The only thing better than Moderna releasing a vaccine early trial efficacy rate of 94.5% is Pfizer announcing two days later that its late-stage vaccine trials were 95% effective.
Amid worldwide spiking cases, the drugmaker said Wednesday that it is planning to apply for emergency authorization with the Food and Drug Administration within days, a startling turnaround in a vaccine development process that often can take years.
Pfizer said it could make 50 million doses available before the end of December. Half of that would go to the U.S., which would serve 12.4 million people for free under a $1.95 billion federal deal with Pfizer for 100 million doses.
Pfizer said the third-phase clinical testing showed no side effects, prevented mild and severe COVID-19 cases and was 94% effective on older adults, the most vulnerable sector to the virus. The efficacy took hold 28 days after the first dose, according to Pfizer’s press release.
“The study results mark an important step in this historic eight-month journey to bring forward a vaccine capable of helping to end this devastating pandemic,” Pfizer Chief Executive Dr. Albert Bourla said in a statement.

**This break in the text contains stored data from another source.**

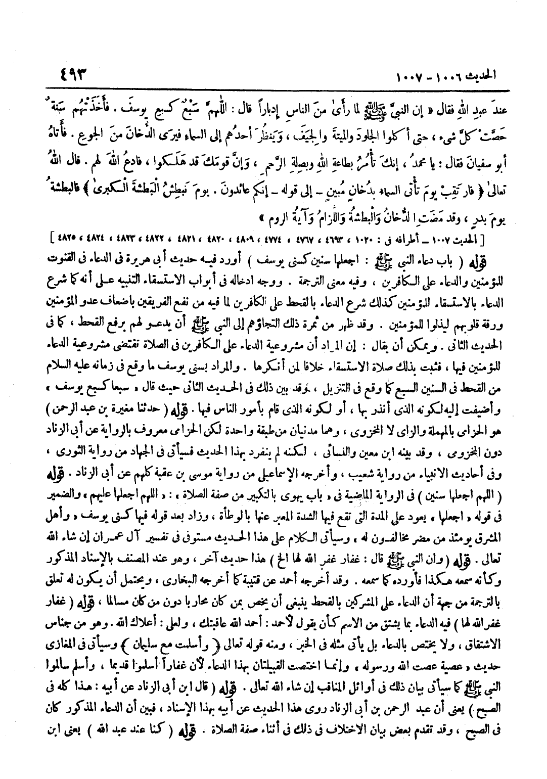 أَوْرَدَ فِيهِ حَدِيثَ أَبِي هُرَيْرَةَ فِي الدُّعَاءِ فِي الْقُنُوتِ لِلْمُؤْمِنِينَ وَالدُّعَاءِ عَلَى الْكَافِرِينَ وَفِيهِ مَعْنَى التَّرْجَمَةِ وَوَجْهُ إِدْخَالِهِ فِي أَبْوَابِ الِاسْتِسْقَاءِ التَّنْبِيهُ عَلَى أَنَّهُ كَمَا شُرِعَ الدُّعَاءُ بِالِاسْتِسْقَاءِ لِلْمُؤْمِنِينَ كَذَلِكَ شُرِعَ الدُّعَاءُ بِالْقَحْطِ عَلَى الْكَافِرِينَ لِمَا فِيهِ مِنْ نَفْعِ الْفَرِيقَيْنِ بِإِضْعَافِ عَدُوِّ الْمُؤْمِنِينَ وَرِقَّةِ قُلُوبِهِمْ لِيَذِلُّوا لِلْمُؤْمِنِينَ وَقَدْ ظَهَرَ مِنْ ثَمَرَةِ ذَلِكَ الْتِجَاؤُهُمْ إِلَى النَّبِيِّ صَلَّى اللَّهُ عَلَيْهِ وَسَلَّمَ أَنْ يَدْعُوَ لَهُمْ بِرَفْعِ الْقَحْطِ كَمَا فِي الْحَدِيثِ الثَّانِي وَيُمْكِنُ أَنْ يُقَالَ إِنَّ الْمُرَادَ أَنَّ مَشْرُوعِيَّةَ الدُّعَاءِ عَلَى الْكَافِرِينَ فِي الصَّلَاةِ تَقْتَضِي مَشْرُوعِيَّةَ الدُّعَاءِ لِلْمُؤْمِنِينَ فِيهَا فَثَبَتَ بِذَلِكَ صَلَاةُ الِاسْتِسْقَاءِ خِلَافًا لِمَنْ أَنْكَرَهَا وَالْمُرَادُ بِسِنِي يُوسُفَ مَا وَقَعَ فِي زَمَانِهِ عَلَيْهِ السَّلِامُ مِنَ الْقَحْطِ فِي السِّنِينَ السَّبْعِ كَمَا وَقَعَ فِي التَّنْزِيلِ وَقَدْ بُيِّنَ ذَلِكَ فِي الْحَدِيثِ الثَّانِي حَيْثُ قَالَ سَبْعًا كَسَبْعِ يُوسُفَ وَأُضِيفَتْ إِلَيْهِ لِكَوْنِهِ الَّذِي أَنْذَرَ بِهَا أَوْ لِكَوْنِهِ الَّذِي قَامَ بِأُمُورِ النَّاسِ فِيهَا
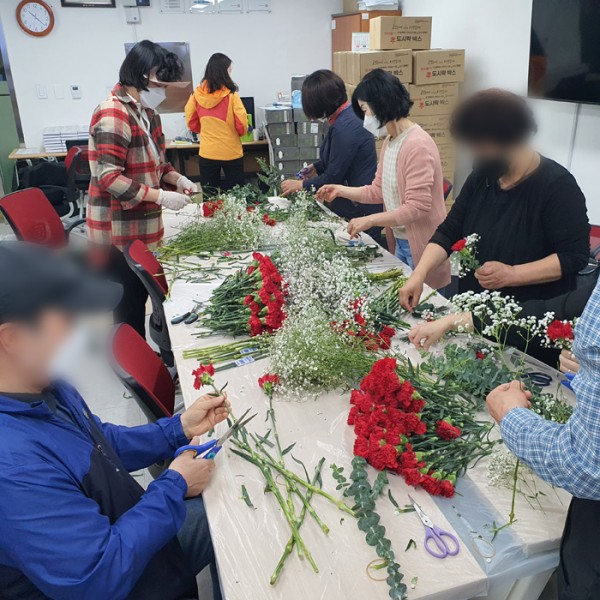 2021년 어버이날을 기념하여 카네이션 코사지를 제작하여 전달해드렸습니다.
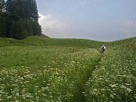 Aber lange Zeit für große Gespräche nehme ich mir nicht. Ich will weiter, bevor ich den Verlockungen von herumstehenden Stühlen und Liegebetten evtl. erliege. Ich bedanke mich nochmals besonders bei Uli für seine Navigationskünste und dann mache ich mich zusammen mit Tom Wolter-Rössler auf den Weg nach Westen. Die 2. Runde wird uns um und vielleicht am Schluss auf den Hochfelln führen. Einen Kilometer nach dem Stadion beginnen die ersten Hügelchen, es folgt ein Direktanstieg über Wiesenhänge und zum guten Schluss wartet der Skihang am Unternbergsattel. Dann sind wir auf einer Laufstrecke von 4,5 km um 650 Meter höher.
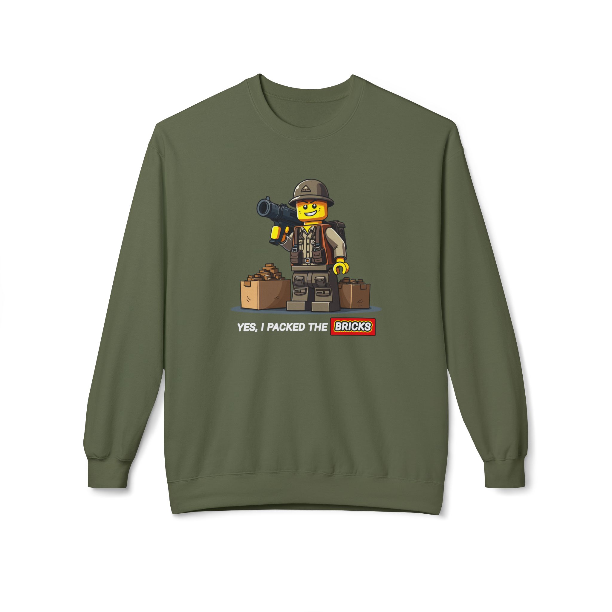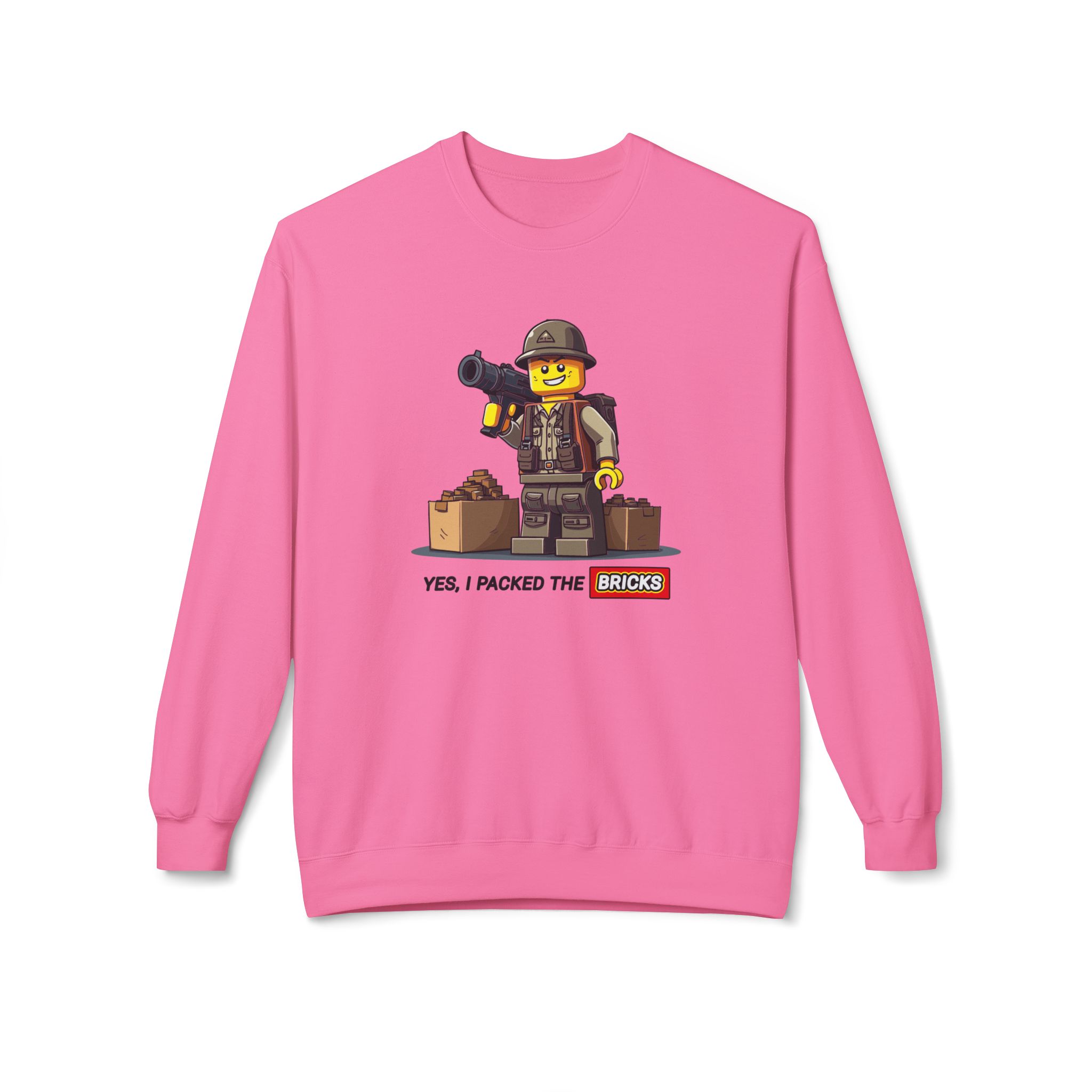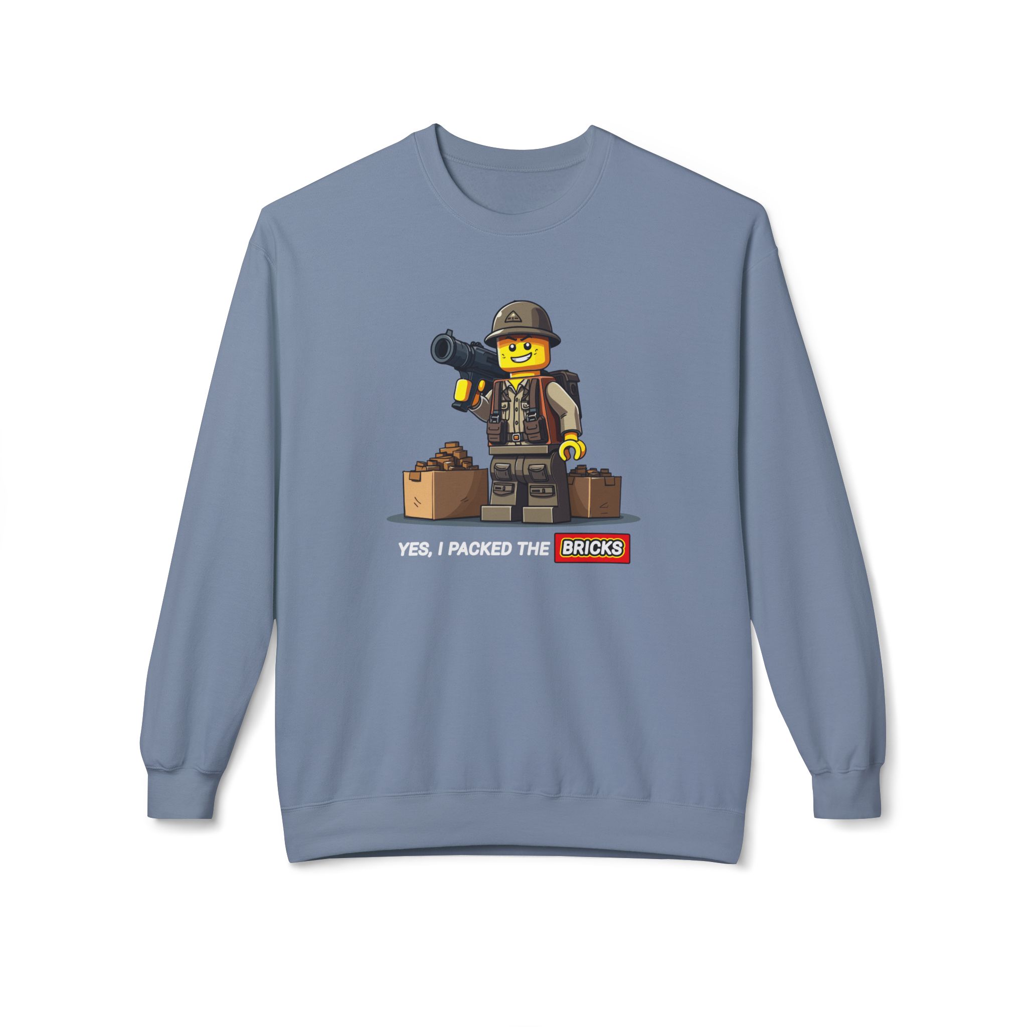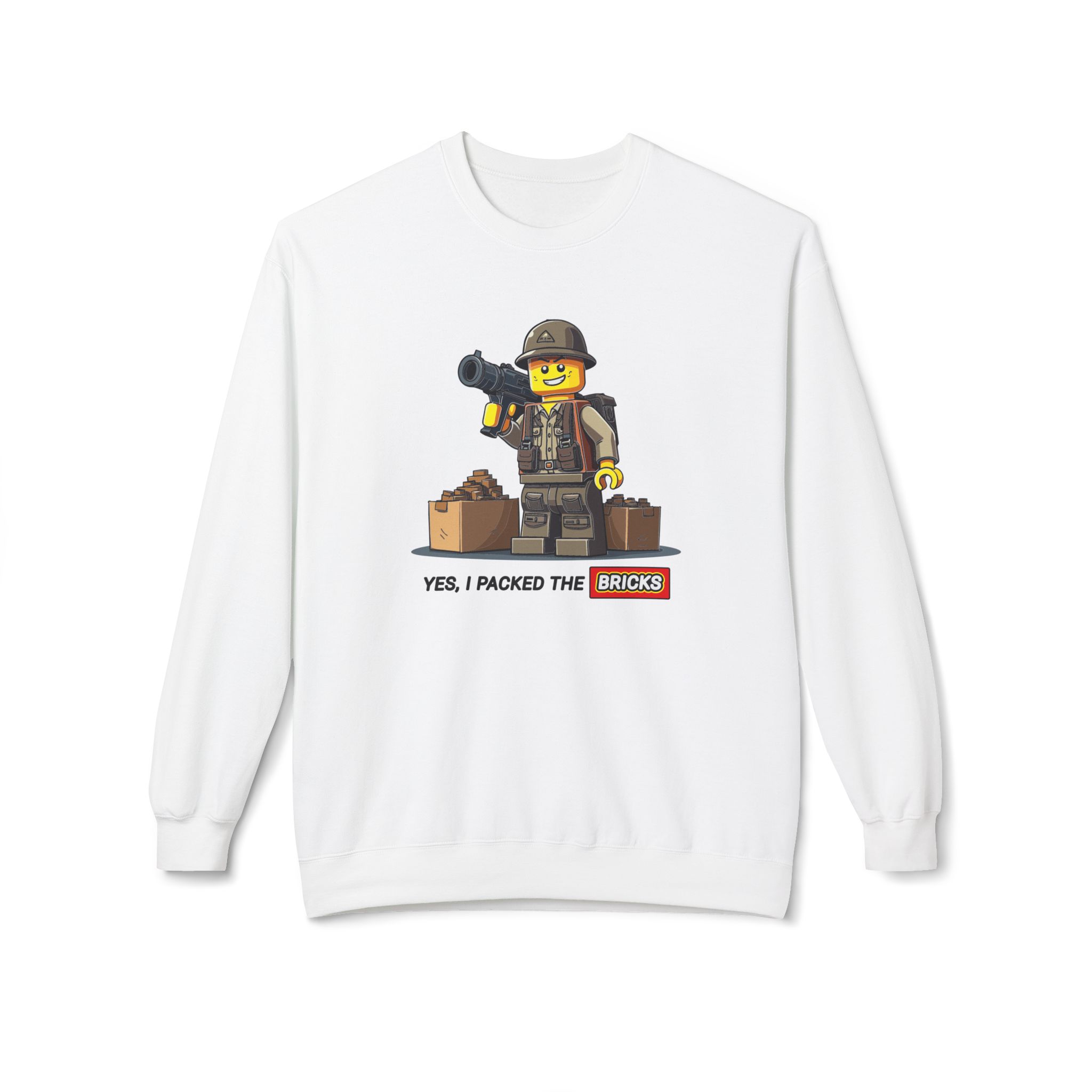 Be prepared with our "Yes, I Packed the Bricks" Midweight Softstyle Fleece Crewneck Sweatshirt! This comfy essential is your perfect companion for those chilly nights spent plotting your survival strategy. While others stockpile canned goods, you’ll be building a tiny epic fortresses. Ideal for lounging at home or gathering with the undead, this sweatshirt keeps you warm while reminding everyone that creativity is just as crucial in the apocalypse. So grab a drink, get comfy, and let’s build our way to survival—one brick at a time!
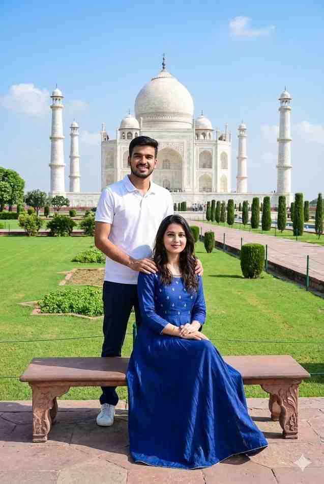 A young Indian couple posing naturally in the lush green gardens of the Taj Mahal on a bright sunny day. The boy is standing behind the girl with a gentle smile, wearing a white polo t-shirt, dark trousers, and white sneakers. The girl is sitting gracefully on a stone bench, wearing a royal blue long ethnic dress, minimal makeup, and soft open hair, smiling calmly at the camera. The majestic Taj Mahal is clearly visible in the background with its white marble dome and minarets, surrounded by manicured lawns, pathways, and green hedges. Clear blue sky with scattered clouds, natural daylight, realistic skin tones, balanced composition, professional DSLR photography look, high resolution, Instagram travel-couple aesthetic.
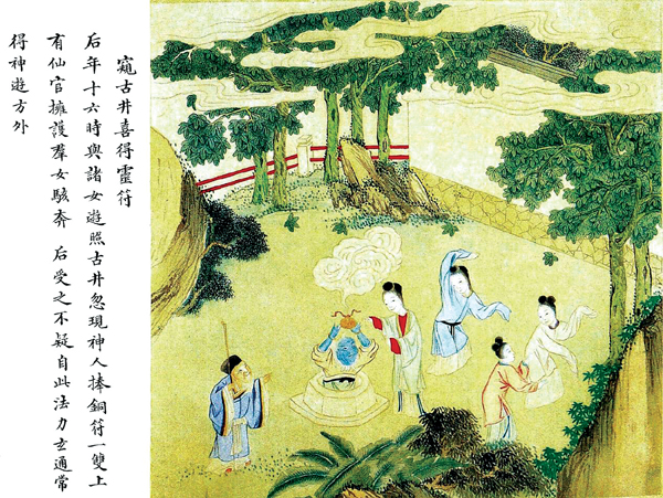 《天后圣母事迹图志》中“窥古井喜得灵符”取偏僻后花园的一角地方,周围绿树成荫,清静安谧,其余略同。人物刻画细致,色彩淡雅,画面用色偏素雅,增添祥云群树等意象性的事物,加强了窥井得符神话的色彩。
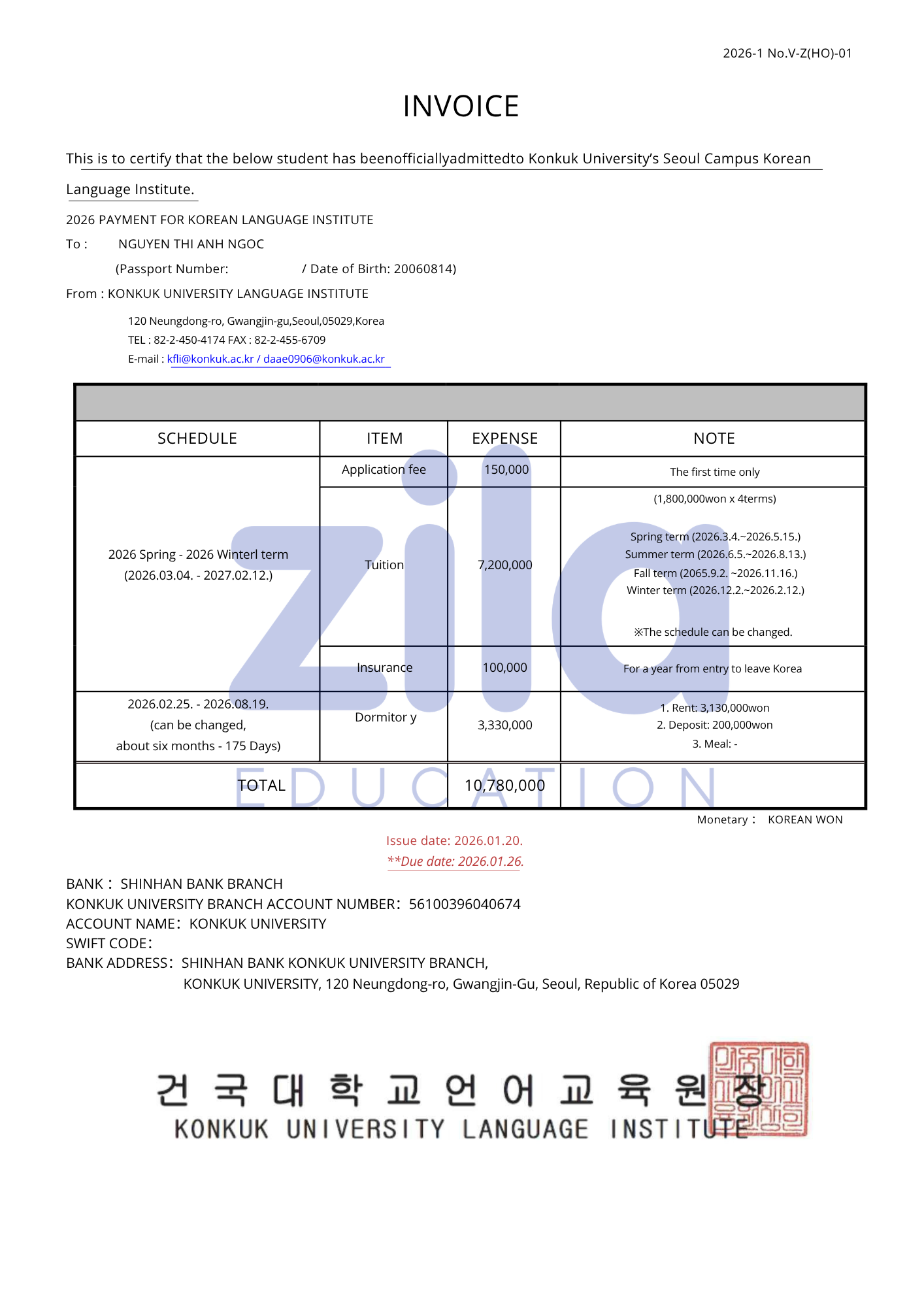 INVOICE TRƯỜNG ĐẠI HỌC KONKUK
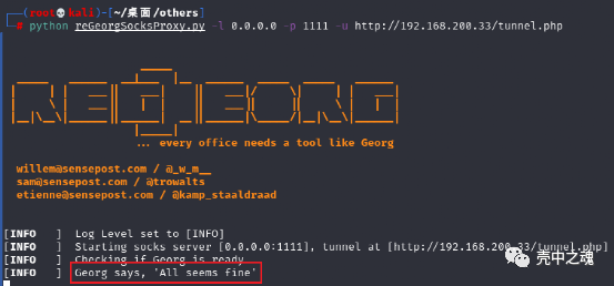 python reGeorgSocksProxy.py -l 0.0.0.0 -p 1111 -u http://192.168.200.33/tunnel.php
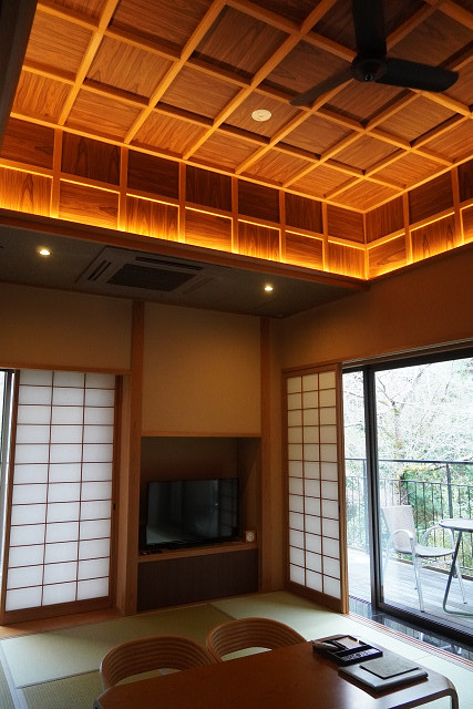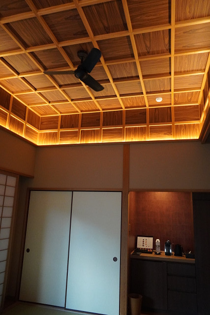 天井は折上げでファンが回っている コーヒーもしっかり飲める
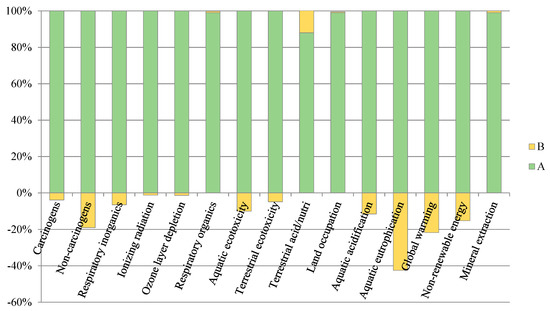 The analysis of the results of the conducted studies demonstrated that Biogas Plant A generates a negative environmental impact. The value of the eco-indicator for this type of installation amounts to 2.02 Pt. On the other hand, Biogas Plant B demonstrates a negative eco-indicator value of −0.25 Pt, which means that it generates favourable environmental effects during its operation (Table 2). The environmental benefit gained in the Biogas Plant B results from the fact that the positive environmental impact associated with its operation exceeds appearing related burdens. It is associated not only with the organisation of waste-to-energy stage in this installation but also with a significant limitation of wheeled transport of raw materials.
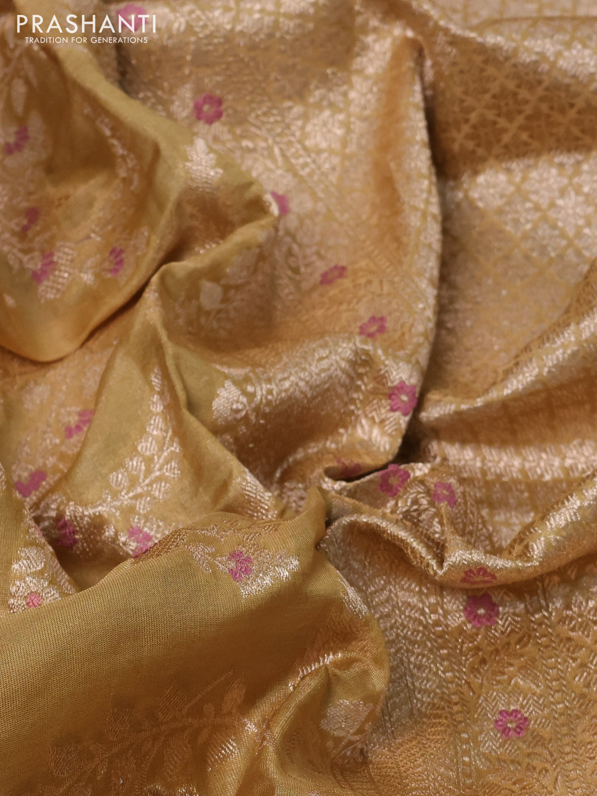 Banarasi tissue silk saree sandal with allover floral zari woven brocade weaves and zari woven border

Pfizer began development on the vaccine in March with BioNTech, a German company. On Nov. 9, the partnership shared trial results showing 90% efficacy with a 43,661 person trial, in which some were given two vaccine doses while others were given a placebo shot of salt water.
In the latest trial, there were 170 COVID-19 cases with 162 in the placebo group and eight in the vaccine group. One severe case came from the vaccine group.
The results have not been reviewed by a scientific journal and the FDA will need weeks to review the clinical, safety and manufacturing data and have an independent panel review. But this could be well worth the wait.